→ **What the task asks**
Beginning with the line that contains "- Doe de uien", repeat each line exactly through the end of the listing below. Pictures stay out.

-=-=-=-=-

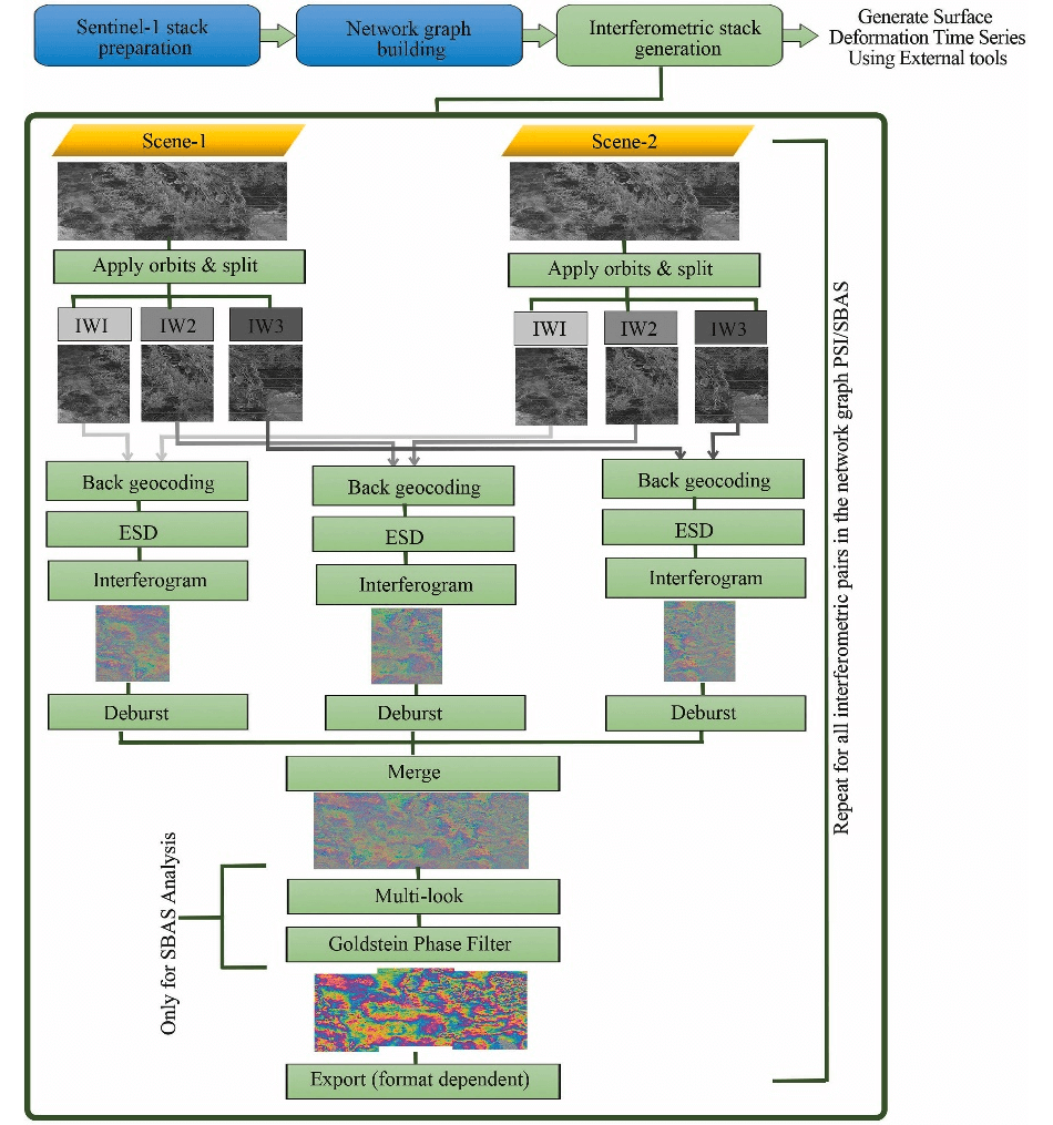 The proposed workflow SNAPWF is written in Python and depends on the available open-source tools ASF-Search and SNAP-ESA, which are integrated into Python-based codes to perform the processing chain from dealing with the raw Sentinel-1 data until generating the time series interferometric stacks. The workflow introduces the flexibility of generating both PSI and SBAS interferometric stacks in which the network graphs can be easily built and modified, making it possible to generate time series interferometric stacks with different configurations. The workflow consists of four stages: 1) Sentinel-1 stack preparation and data download using ASF-Search, 2) network graph building for PSI and/or SBAS using Python, 3) Interferometric stack generation using SNAP-ESA, and 4) interferometric stack export to the desired formats for further surface deformation estimations.
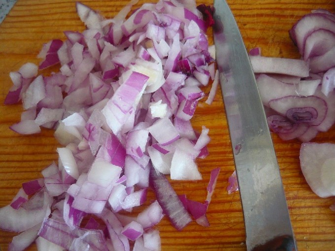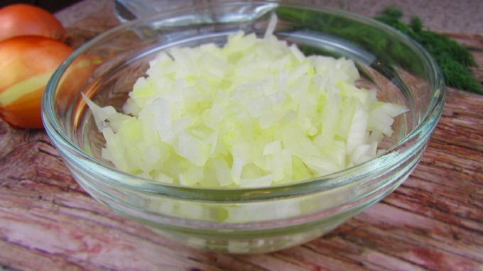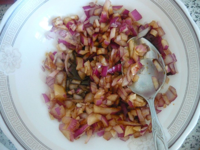 - Doe de uien in een diepe kleine kom en besprenkel met de sojasaus om te marineren. In plaats van sojasaus kun je ½ theelepel nemen. azijn verdund in een lepel gekookt water.
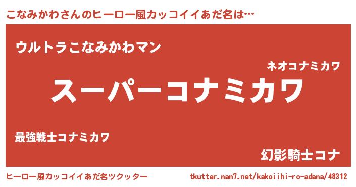 | 女子向けラノベタイトル風あだ名 | 『こなみかわ姫と円卓の騎士』 |
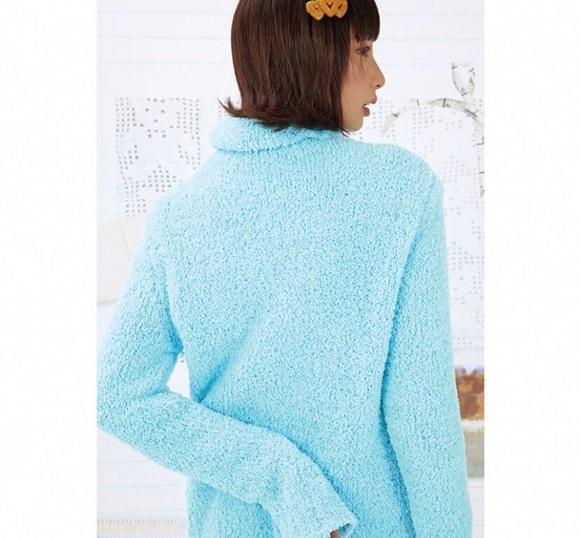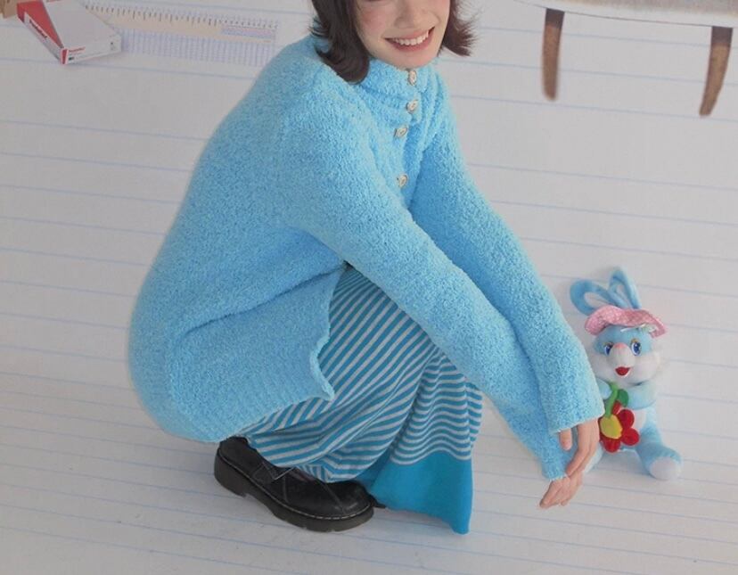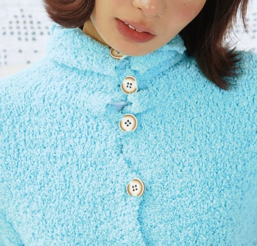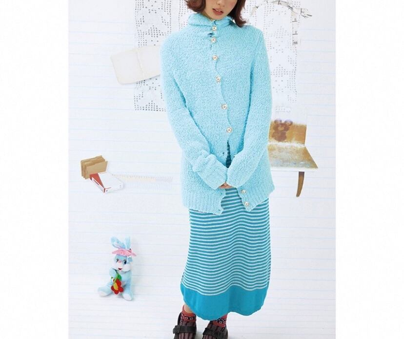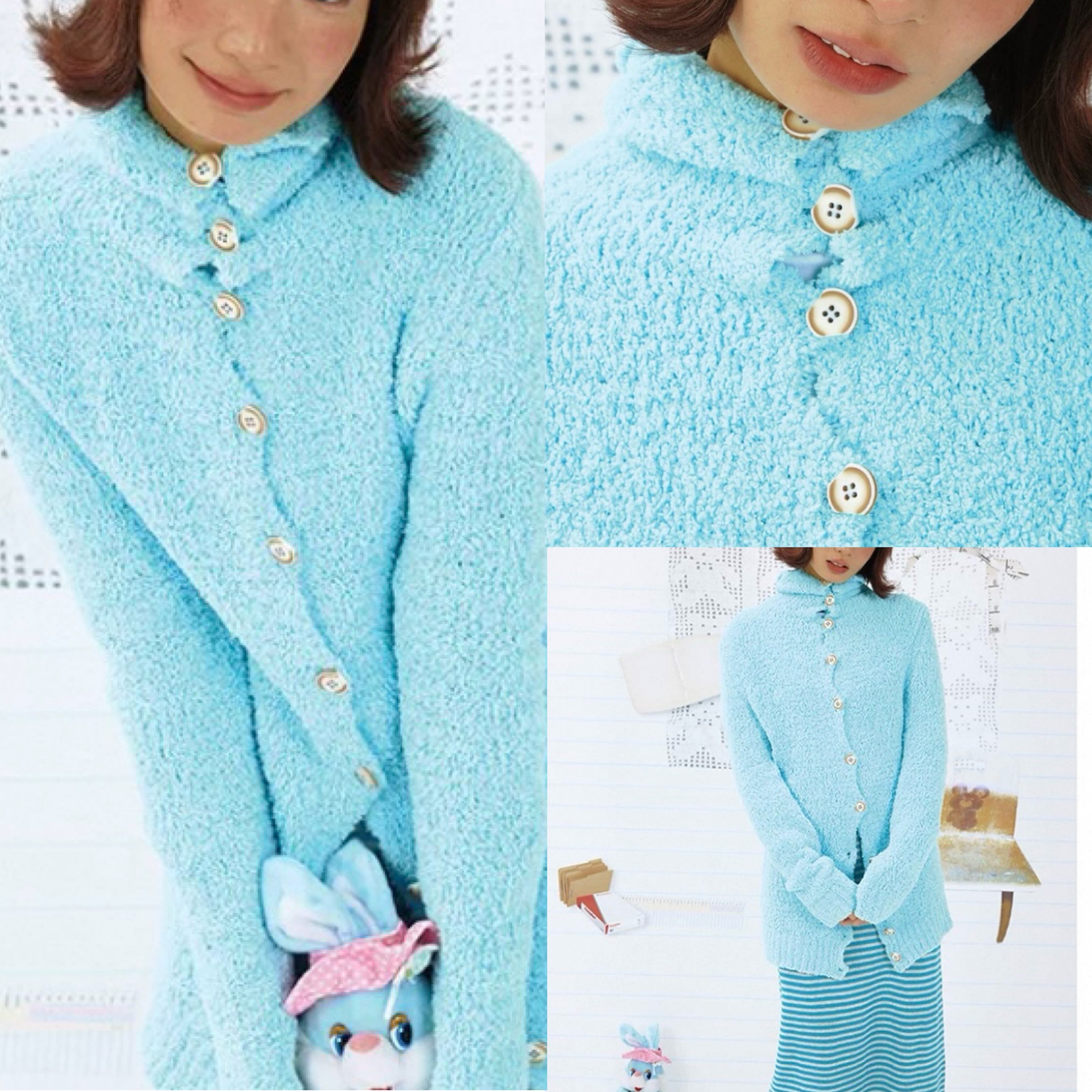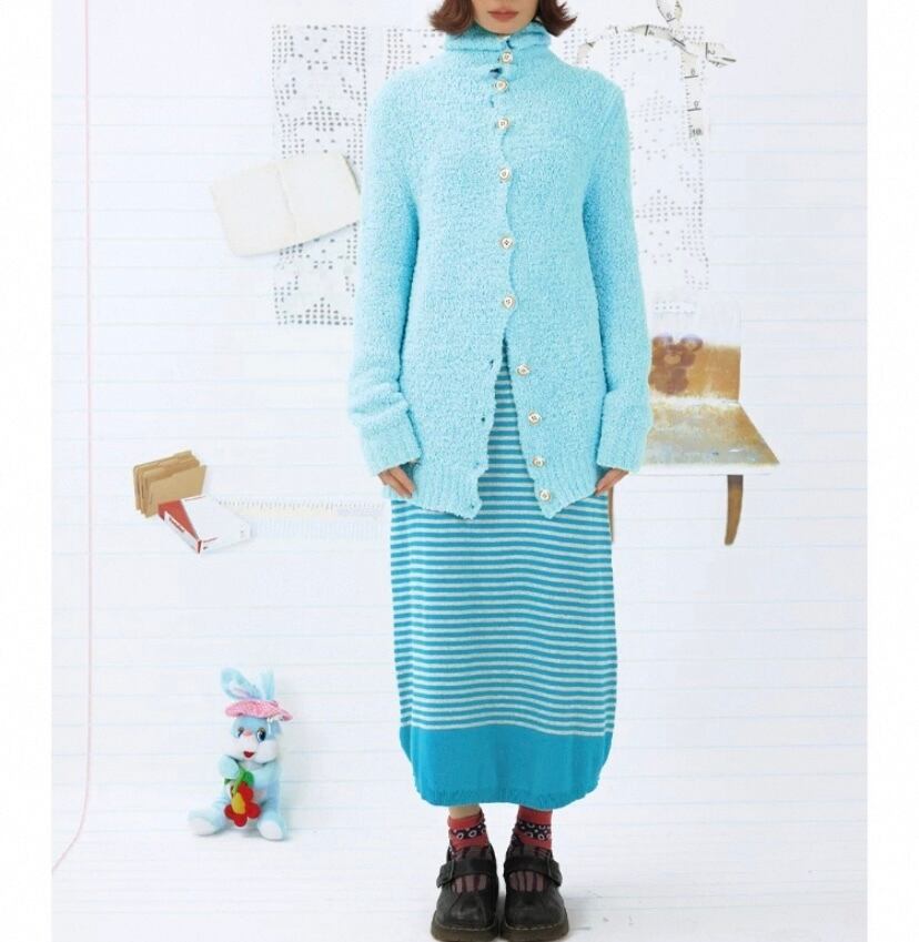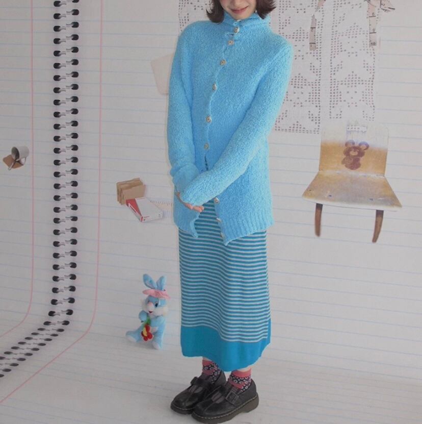 水色 ロング カーディガン、アウター、トップス、セーター、水、かわいい原宿、ハイネック ボタン ジャケット、カジュアル シンプル
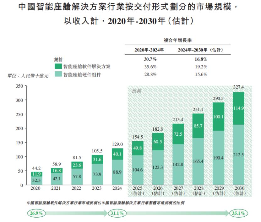 中国智能座舱解决方案市场规模预计将从2024年的1290亿元增长至2030年的3274亿元,复合年增长率为16.8%。

-=-=-=-=-

→ **Finished exercise**
 - Doe de uien in een diepe kleine kom en besprenkel met de sojasaus om te marineren. In plaats van sojasaus kun je ½ theelepel nemen. azijn verdund in een lepel gekookt water.
 | 女子向けラノベタイトル風あだ名 | 『こなみかわ姫と円卓の騎士』 |
 水色 ロング カーディガン、アウター、トップス、セーター、水、かわいい原宿、ハイネック ボタン ジャケット、カジュアル シンプル
 中国智能座舱解决方案市场规模预计将从2024年的1290亿元增长至2030年的3274亿元,复合年增长率为16.8%。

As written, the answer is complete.